The GI tract functions as an essential boundary
The GI tract functions as an essential boundary between microbial populations and human hosts. The tract keeps the two from getting in touch, which could cause health problems. According to Kusters, van Vliet, and Kuipers (2006), one of the possible outcomes of the two interacting is the development of mucosal inflammation. Helicobacter pylori infection is an example of a microbial-host interaction infection (H. pylori). H. pylori is a gram-negative bacterium that attacks both humans' and primates' stomachs, according to Kusters, van Vliet, and Kuipers (2006). The infection mechanism entails the induction of chronic gastritis in all hosts. Kusters, van Vliet, and Kuipers (2006) affirmed that the process increases the risks of developing ulcers. This paper discusses the pathogenesis of helicobacter pylori and how it causes ulcers.

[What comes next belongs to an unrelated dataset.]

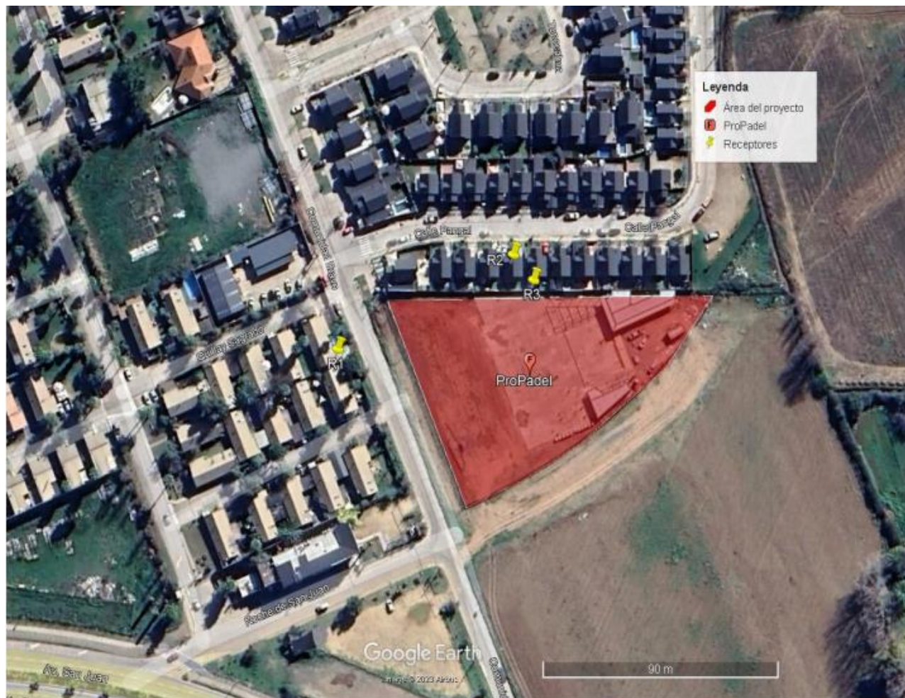
Figura 1. Ubicación de los receptores identificados y Unidad Fiscalizable

Pathogenesis of Helicobacter Pylori
Helicobacter pylori (H. pylori) have various virulence molecules. These include cytotoxin, neutrophil activating protein (NAP), and lipopolysaccharide (LPS). However, Cag Pathogenicity Island (CagPAl), a combination of Cag genes (CagL, CagE, and CagH) is the primary virulence element of helicobacter pylori (Kusters, van Vliet, & Kuipers, 2006). The bacteria enter the gastric lumen at the point where the urease facilitates continued existence in the acidic context by releasing molecules of ammonia during infection. The molecules buffer periplasmic and cytosolic pH around the bacterium.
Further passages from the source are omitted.